今、世の中は、米国のサブプライムローン問題に端を発し、住宅・金融不況が起こり、世界同時不況への道を歩み始めました。これは、実需経済から離れ、お金がお金を生む仮想金融市場とも言える市場を、世界中に広げた結果、最後に売るところがなくなり、行きついた先に起きた現象ともいえます。ある意味、国際的な金融ねずみ講の終焉といえるのではないでしょうか。
米国を始めとする世界各国は、その後処理に、国家予算を投じて救済に入っていますが、余りにも莫大な予算には驚かざるを得ません。
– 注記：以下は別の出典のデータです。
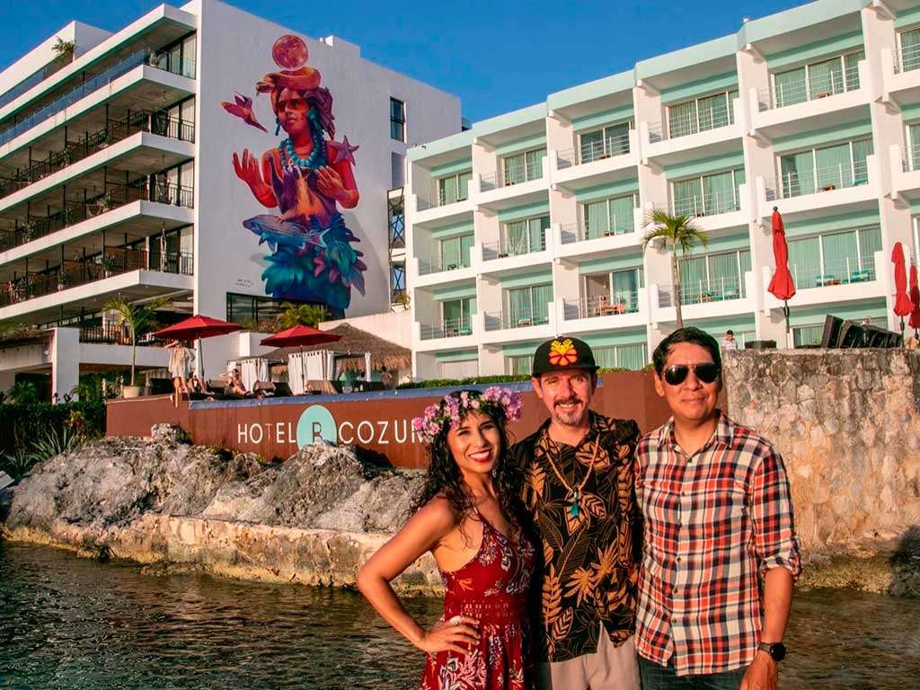 El miércoles 3 de mayo de 2023 a las 18:00 hrs., en Hotel B Cozumel, los talentosos hermanos originarios de Guadalajara, Carlos Gómez y Adry del Rocío, conocidos por sus murales urbanos en más de 20 países, plasmaron la magia de Ixchel, la diosa de la prosperidad y la abundancia venerada en la isla de Cozumel.
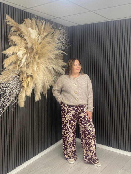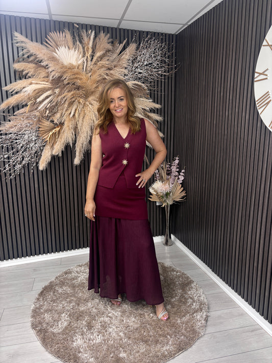 BEATRICE WIDE LEG TROUSERS - BORDEAUX
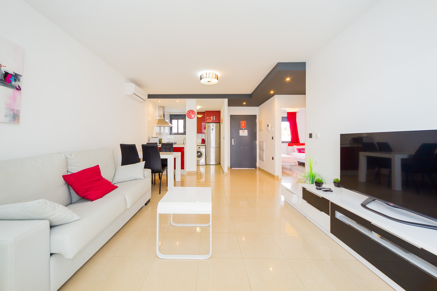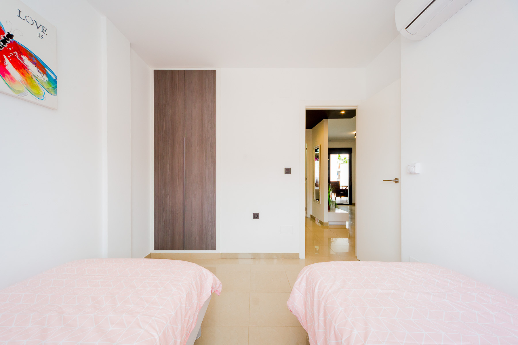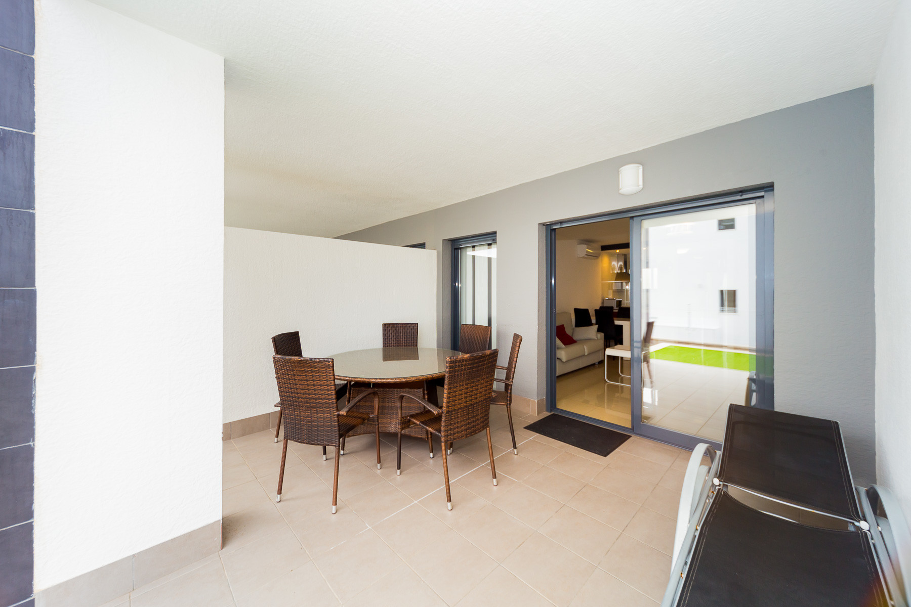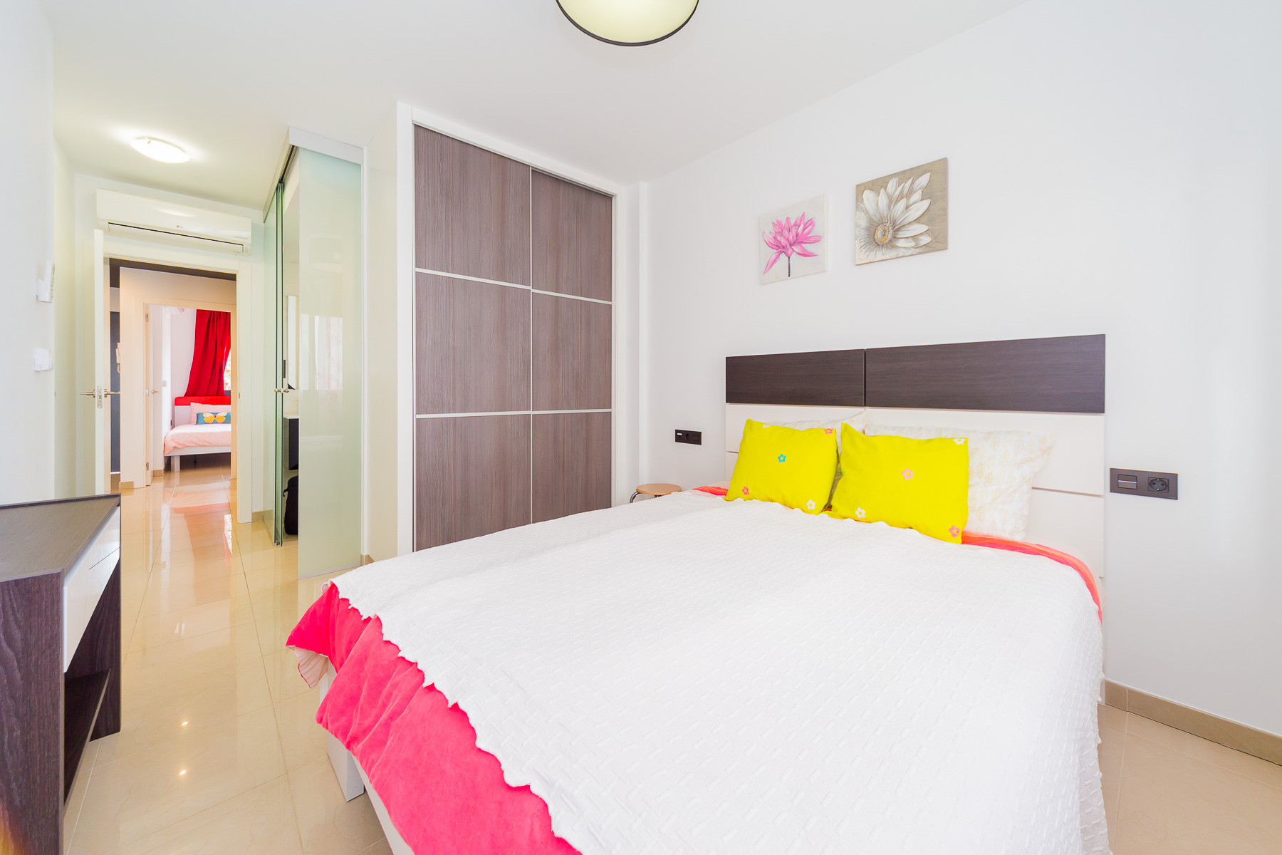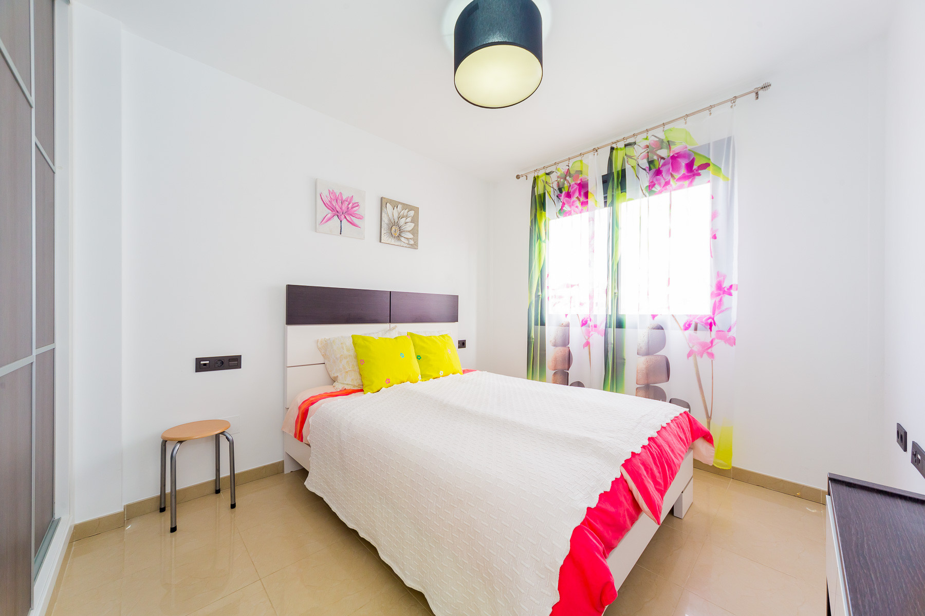 A modern bungalow located in a gated complex with communal swimming pool. It is spread out over 73 m2 and consists of a salon, two bedrooms, kitchen, two bathrooms and a terrace. There is a large private courtyard and a private garage parking space. It is fully equipped with new furniture, appliances, linens and towels, kitchen utensils, air conditioning, heated floors (which is important for the off-season).The air conditioning is only in the living room, but it's enough for all the apartments. Russian and Spanish TV are available. The terrace has outdoor furniture. It sleeps up to six people. Pets are not allowed and smoking is only permitted on the terrace. It is located adjacent to the new Zenia Boulevard open air shopping complex with a variety of over 150 shops bars, eateries, casino and much more. The sea is about 1 km away.
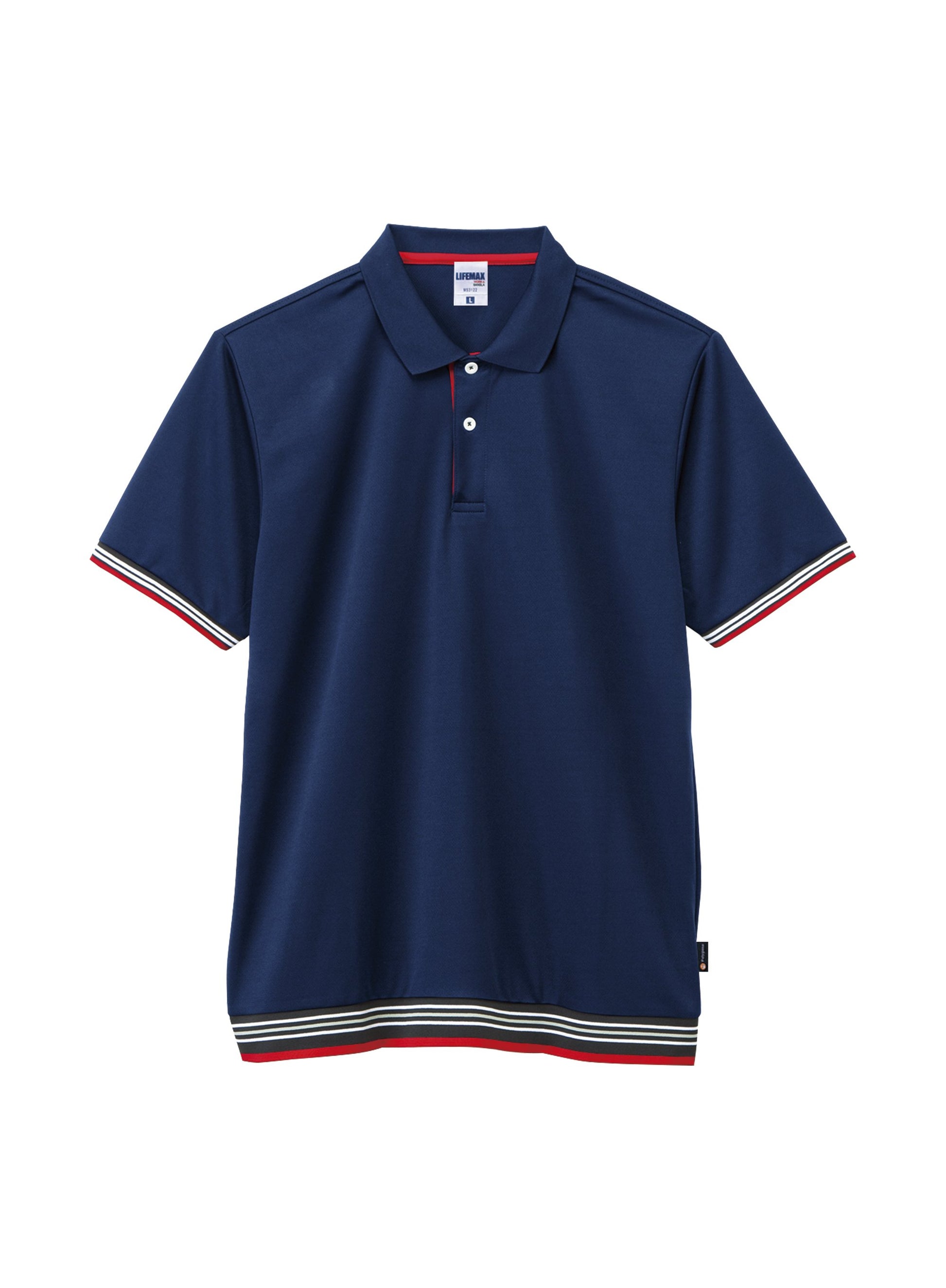 機能性素材のNEWスタンダード「ポリジンドライポロ」シリーズ。裾、前立て、袖のラインがアクセントのデザインポロシャツ。
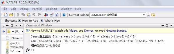 二、自定义函数与实际数据有很大的偏差,实际数据不能满足自定义函数拟合要求。从t—x的散点图(可以用plot(t,x)命令)(说明,这里用x代替c1)可以看到,数据符合高斯函数,即 f(t)=a1*exp(-((t-b1)/c1)²) + a2*exp(-((t-b2)/c2)²)
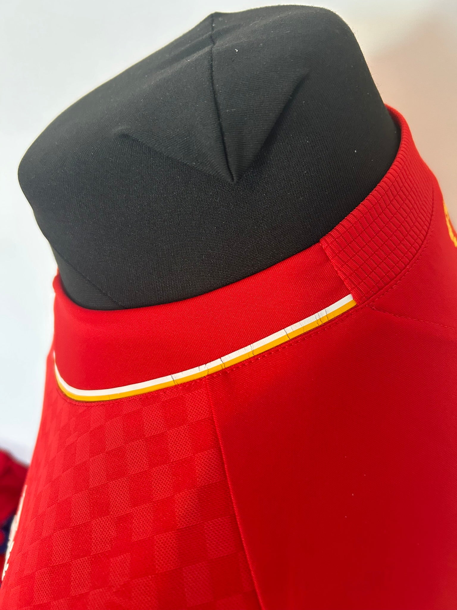 This striking piece represents Firmino’s first season at Liverpool, featuring his name and number 11 on the reverse as he began establishing himself as a central figure at Anfield. Designed in the club’s traditional red with distinctive checkered and striped detailing throughout the body, it is finished with a heat-applied L.F.C. crest and Standard Chartered sponsor on the chest. Produced by New Balance, the shirt uses lightweight, breathable fabric engineered for comfort and performance. A classic football shirt that captures the start of a transformative era for both player and club, this medium-sized jersey is a strong example of mid-2010s Liverpool design with clear player heritage.
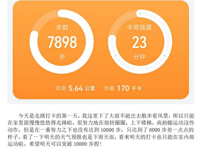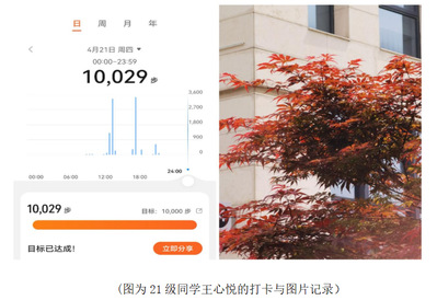 为期十五天的步行打卡活动中,同学们每日按时上传自己的打卡记录。在上传的打卡记录里,既有沿公园奔跑的步数记录,也有锻炼结束后的内心感受。春天的明媚与运动的激情一同被镌刻在每日的图文中。
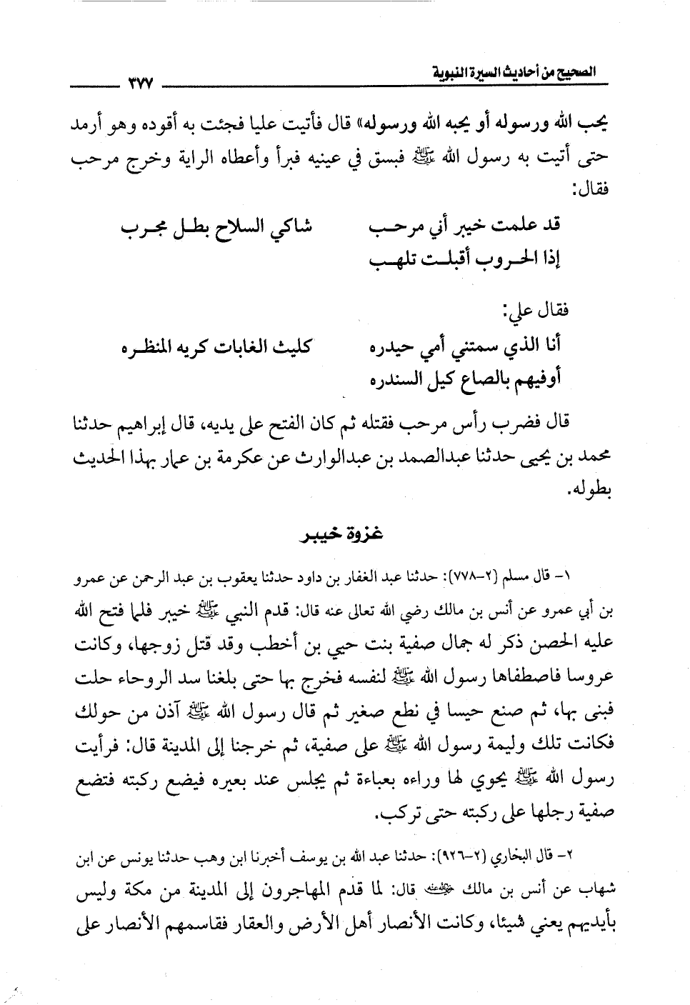 1 - قال مسلم (2 - 778): حدثنا عبد الغفار بن داود حدثنا يعقوب بن عبد الرحمن عن عمرو بن أبي عمرو عن أنس بن مالك رضي الله تعالى عنه قال: قدم النبي - صلى الله عليه وسلم - خيبر فلما فتح الله عليه الحصين ذكر له جمال صفية بنت حي بن أخطب وقد قتل زوجها، وكانت عروسا فاصطفاها رسول الله - صلى الله عليه وسلم - لنفسه فخرج بها حتى بلغنا سد الروحاء حلت فبنى بها، ثم صنع حيسا في نطع صغير ثم قال رسول الله - صلى الله عليه وسلم - آذن من حولك فكانت تلك وليمة رسول الله - صلى الله عليه وسلم - على صفية، ثم خرجنا إلى المدينة قال: فرأيت رسول الله - صلى الله عليه وسلم - يحوي لها وراءه بعباءة ثم يجلس عند بعيره فيضع ركبته فتضع صفية رجلها على ركبته حتى تركب.

では、これから私たちの生活は、どのように変わっていくのでしょうか。まずは、今から17年ほど前に起きた日本のバブル崩壊後の現象が、世界的規模で起きるのではないか、ということです。あの時は、まだ隣国である中国の経済成長があったので、日本はそれに助けられてきました。しかし今回は、世界中を巻き込んでいますので、外部から助けられる要因はありません。心配なのは、直接消費の戦争が起きることです。
いずれにしても、世界の経済を引っ張ってきた米国は、急速に力を弱め、国内不況とドル安に動くものと思われます。その影響は、高級車、工作機械、半導体部品等を輸出していた日本経済を、より一層悪化させます。一方、一般消費財を輸出していた中国経済も打撃を受け、世界が同時不況への道を歩み始めるのです。
世界同時不況により、日本企業の収益悪化は顕著となります。特に、中小企業の損益分岐点は、資源高もあって最高に達しており、少しの売上減でも赤字経営となる体質になっています。このことから、倒産、縮小、合併、廃業が、急速に進むものと思われます。
そしていよいよ、“毎年昇給があり、賞与が出されていた時代” は終わり、賞与は業績配分となって、実際には賞与が出ない企業が続出し、昇給ではなく減給となる企業も増えていきます。
このように日本は、経済の不振と相まって、財政破綻と少子化から大変な時代に突入していきますが、人間の歴史はこれで終わるのではなく、今までの金融拡大主義の時代が終わり、これからまた新しい時代が始まるのではないでしょうか。
この問題を、一人一人がどう受け止めていくのか、真剣に考えなければならない時となりました。